● **Problem details**
Search the listing below for the line containing "张海四体皆能,成果突出,具有". From there through the line containing "L'Annonciation, 1888-1921, Archives", transcribe every line exactly, both ends included.

● **Material provided**
◆ ◆ ◆ ◆

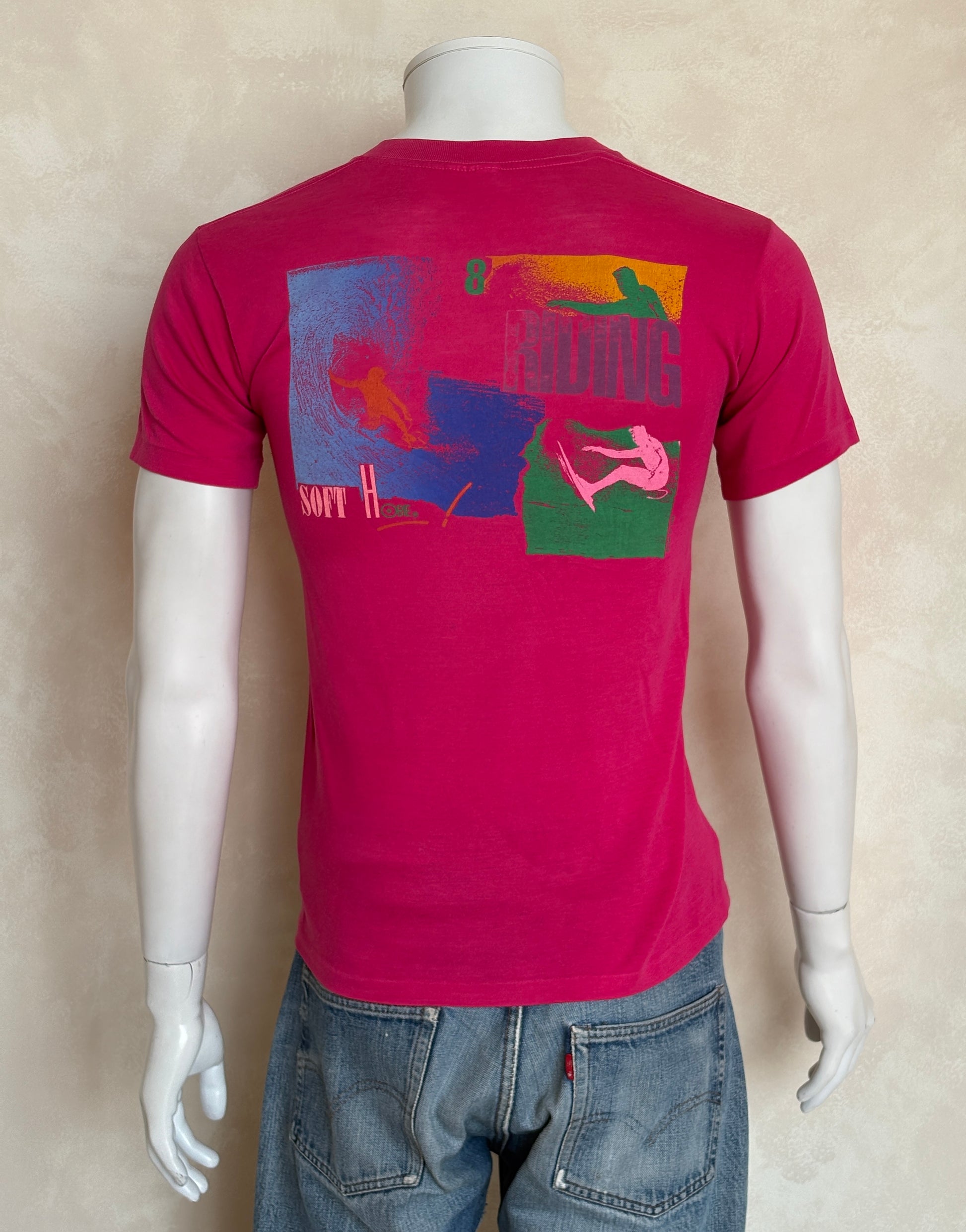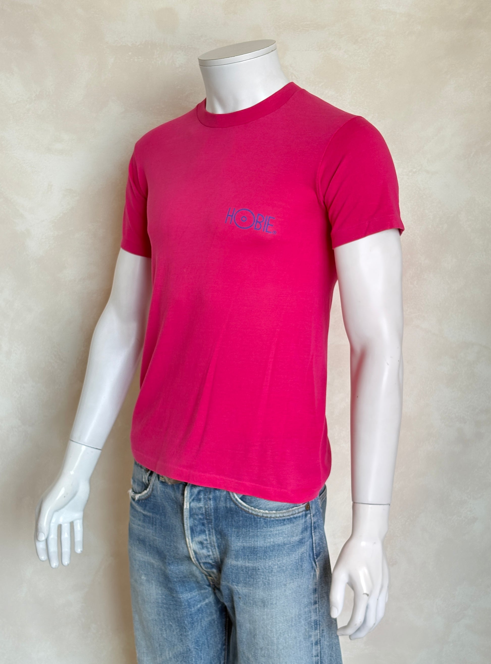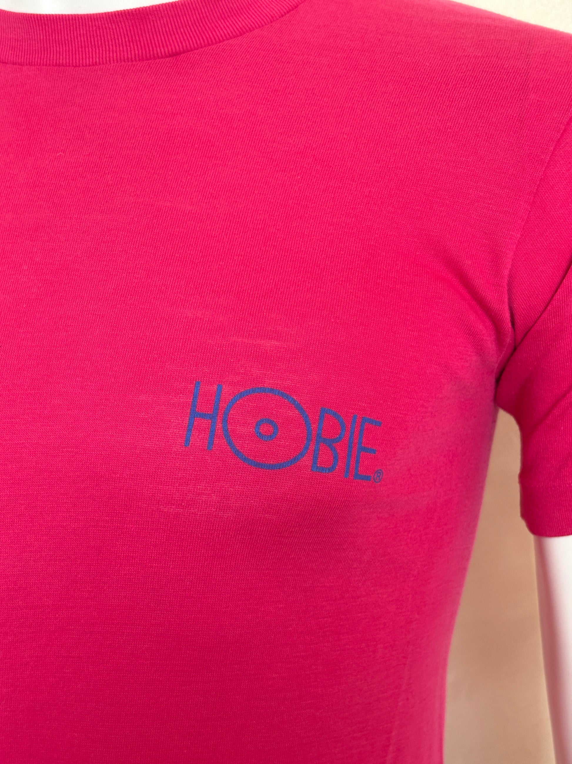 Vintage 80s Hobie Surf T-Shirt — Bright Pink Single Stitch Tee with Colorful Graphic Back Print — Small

◆ ◆ ◆ ◆

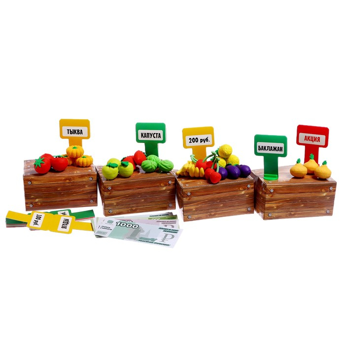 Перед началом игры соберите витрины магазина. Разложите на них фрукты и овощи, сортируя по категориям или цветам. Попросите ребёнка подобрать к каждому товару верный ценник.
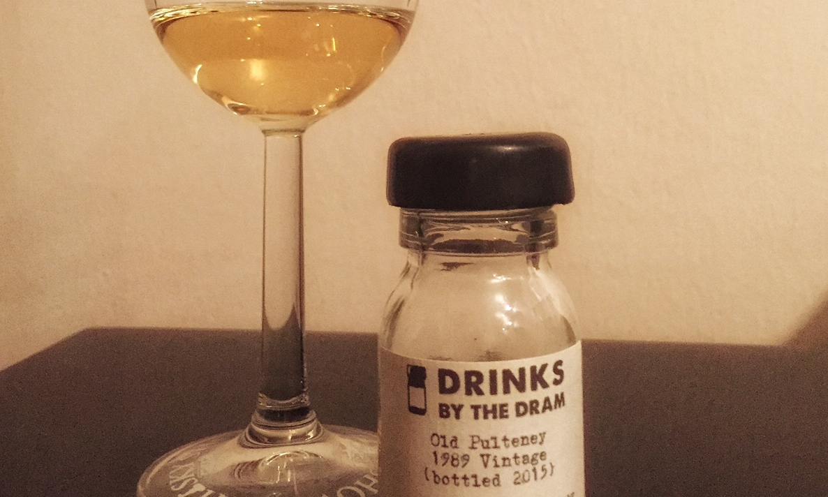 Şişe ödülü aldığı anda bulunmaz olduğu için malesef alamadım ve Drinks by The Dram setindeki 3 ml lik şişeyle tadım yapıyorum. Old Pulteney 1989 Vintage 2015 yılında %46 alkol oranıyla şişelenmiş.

◆ ◆ ◆ ◆

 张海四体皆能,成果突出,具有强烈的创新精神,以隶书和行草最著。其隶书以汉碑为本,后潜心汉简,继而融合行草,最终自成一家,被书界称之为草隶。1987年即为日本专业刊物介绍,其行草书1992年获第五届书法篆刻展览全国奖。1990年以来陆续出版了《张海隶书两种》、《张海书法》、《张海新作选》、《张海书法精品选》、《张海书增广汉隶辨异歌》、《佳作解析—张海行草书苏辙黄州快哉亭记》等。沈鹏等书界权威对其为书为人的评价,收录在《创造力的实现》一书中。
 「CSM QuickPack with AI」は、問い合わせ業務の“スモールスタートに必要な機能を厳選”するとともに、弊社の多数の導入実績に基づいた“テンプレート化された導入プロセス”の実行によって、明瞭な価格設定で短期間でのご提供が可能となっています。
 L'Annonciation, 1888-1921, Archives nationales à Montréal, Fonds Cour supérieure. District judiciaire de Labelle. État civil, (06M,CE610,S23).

◆ ◆ ◆ ◆

● **Answer space**
 张海四体皆能,成果突出,具有强烈的创新精神,以隶书和行草最著。其隶书以汉碑为本,后潜心汉简,继而融合行草,最终自成一家,被书界称之为草隶。1987年即为日本专业刊物介绍,其行草书1992年获第五届书法篆刻展览全国奖。1990年以来陆续出版了《张海隶书两种》、《张海书法》、《张海新作选》、《张海书法精品选》、《张海书增广汉隶辨异歌》、《佳作解析—张海行草书苏辙黄州快哉亭记》等。沈鹏等书界权威对其为书为人的评价,收录在《创造力的实现》一书中。
 「CSM QuickPack with AI」は、問い合わせ業務の“スモールスタートに必要な機能を厳選”するとともに、弊社の多数の導入実績に基づいた“テンプレート化された導入プロセス”の実行によって、明瞭な価格設定で短期間でのご提供が可能となっています。
 L'Annonciation, 1888-1921, Archives nationales à Montréal, Fonds Cour supérieure. District judiciaire de Labelle. État civil, (06M,CE610,S23).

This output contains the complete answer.